VICE Media Group Files for Chapter 11

VICE Media Group has filed for Chapter 11 bankruptcy protection as it prepares to be sold.

A consortium of lenders, including Fortress Investment Group, Soros Fund Management and Monroe Capital, has agreed to purchase the company for $225 million in the form of a credit bid. It would acquire all of its assets and assume its debt. To facilitate the sale, VICE has filed voluntary petitions for reorganization under Chapter 11 in the U.S. Bankruptcy Court for the Southern District of New York. The sale is expected to be concluded in the next two to three months.

The company says it will continue to operate its multimedia brands, including VICE, VICE News, VICE TV, VICE Studios, Pulse Films, Virtue, Refinery29 and i-D. The company’s international entities, and the VICE TV joint venture with A+E Networks, are not part of the Chapter 11 filing.

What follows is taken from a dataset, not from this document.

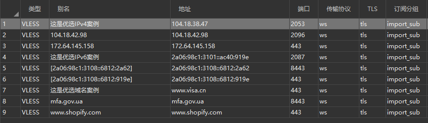 CF官方列表,推荐使用CM整理列表即可,该列表包含了大部分三网优选IP段,且会不定期更新维护; - 端口:默认为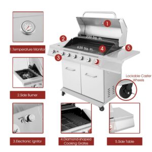 Royal Gourmet GA6402S Stainless Steel Gas Grill, Premier 6-Burner BBQ Grill with Sear Burner and Side Burner, 74,000 BTU, Cabinet Style, Outdoor Party Grill, Silver

“VICE serves a huge global audience with a unique brand of news, entertainment and lifestyle content,” said Bruce Dixon and Hozefa Lokhandwala, VICE’s co-CEOs. “This accelerated court-supervised sale process will strengthen the Company and position VICE for long-term growth, thereby safeguarding the kind of authentic journalism and content creation that makes VICE such a trusted brand for young people and such a valued partner to brands, agencies and platforms. We will have new ownership, a simplified capital structure and the ability to operate without the legacy liabilities that have been burdening our business. We look forward to completing the sale process in the next two to three months and charting a healthy and successful next chapter at VICE.”